We sought to perform a systematic, comprehensive, and nationwide cross-sectional analysis of surgical capacity in Lebanon.

Background:

Providing surgical care in refugee areas is increasingly recognized as a global health priority. The surgical capacity of Lebanon where at least 1 in 6 inhabitants is currently a refugee remains unknown.

Methods:

The Surgical Capacity in Areas with Refugees cross-sectional study included 3 steps: (1) geographically mapping all hospitals providing surgical care in Lebanon, (2) systematically assessing each hospital's surgical capacity, and (3) identifying surgical care gaps/disparities. First, a list of hospitals in Lebanon and their locations was generated combining data from the Lebanese Ministry of Health and Syndicate of Hospitals. Specialty, rehabilitation, and maternity facilities were excluded. Second, the validated 5 domain Personnel, Infrastructure, Procedures, Equipment, and Supplies (PIPES) tool was administered in each hospital through a face-to-face or phone interview. Hospitals’ PIPES indices were computed; data were aggregated and analyzed for geographic and private/public disparities.

Results:

A total of 129 hospitals were geographically mapped; 20% were public. The PIPES tool was administered in all hospitals (100%). The mean PIPES index was 10.98 (Personnel = 14.91, Infrastructure = 15.36, Procedures = 37.47, Equipment = 21.63, Supplies = 24.78). The number of hospital beds, operating rooms, surgeons, and anesthesiologists per 100,000 people were 217, 8, 16, and 9, respectively. Deficiencies in infrastructure were significant, whereby 62%, 36%, 16%, and 5% of hospitals lack incinerators, pretested blood, intensive care units, and computed tomography, respectively.

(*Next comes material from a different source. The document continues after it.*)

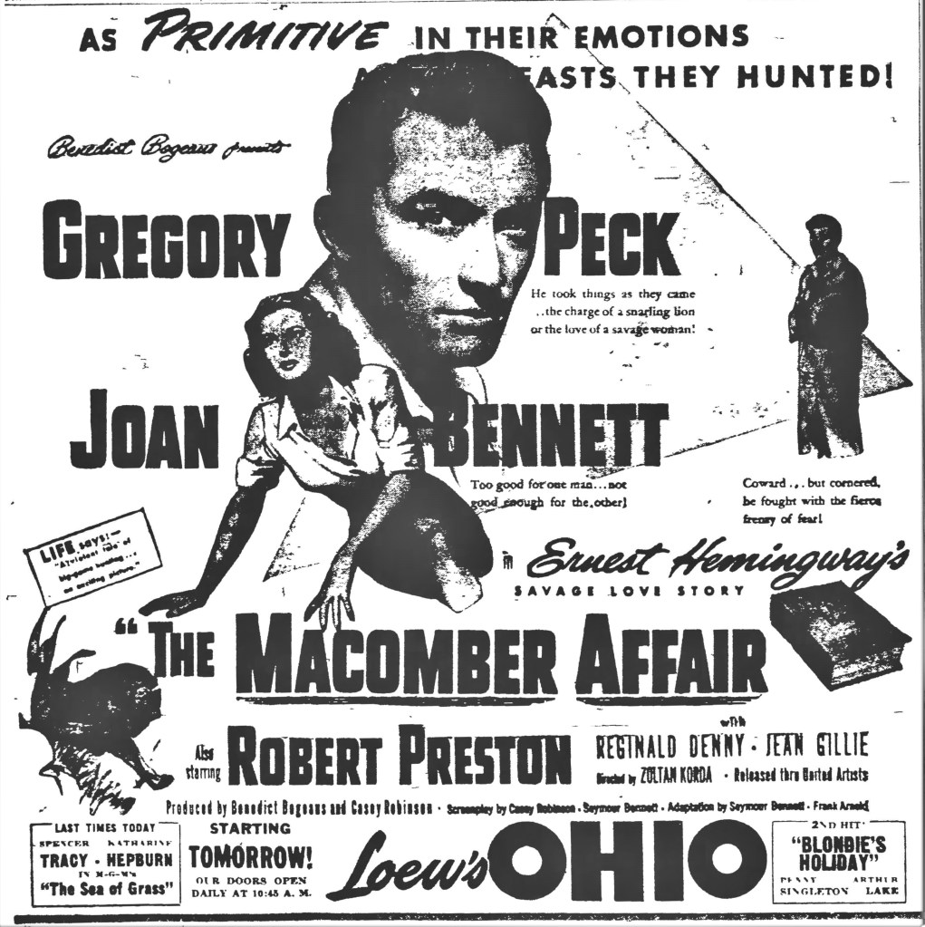 It’s movie time! The Zoltan Korda (born Zoltan Kellner; 1895-1961) directed drama film The Macomber Affair was released in April 1947 and starred one of the Golden Age’s most popular leading men: Gregory Peck (born Eldred Gregory Peck; 1916-2003) and his rugged good looks. Also appearing in this movie, Joan Bennett (1910-1990), Robert Preston (born Robert Preston Meservey; 1918-1987), Reginald Denny (born Reginald Leigh Dugmore; 1891-1967), and Jean Gillie (born Jean Mabel Coomber; 1915-1949), in final film before her untimely death at the age of 33. The film was adapted from Ernest Hemingway’s short story, “The Short Happy Life of Francis Macomber.” Set in Africa, the story follows Margot (the scorned woman), her husband, Francis (the abusive a$$hole), and Robert (the big game-hunter.) The movie did pretty good at the box office and the critic’s loved it. So did Papa. He always liked a good safari. Check the film out sometime, it’s good. Oh, and read the short story, it’s very good.

Continuous external electricity was lacking in 16 hospitals (12%). Compared to private hospitals, public hospitals had a lower PIPES index (10.48 vs 11.1, P = 0.022), including lower Personnel and Infrastructure scores (12.31 vs 15.57, P = 0.03; 14.04 vs 15.7, P = 0.003, respectively). Geographically, the administrative governorates with highest refugee concentrations had the lowest PIPES indices.

Conclusions:

Evaluating surgical capacity in Lebanon reveals significant deficiencies, most pronounced in public hospitals in which refugee care is provided and in areas with the highest refugee concentration.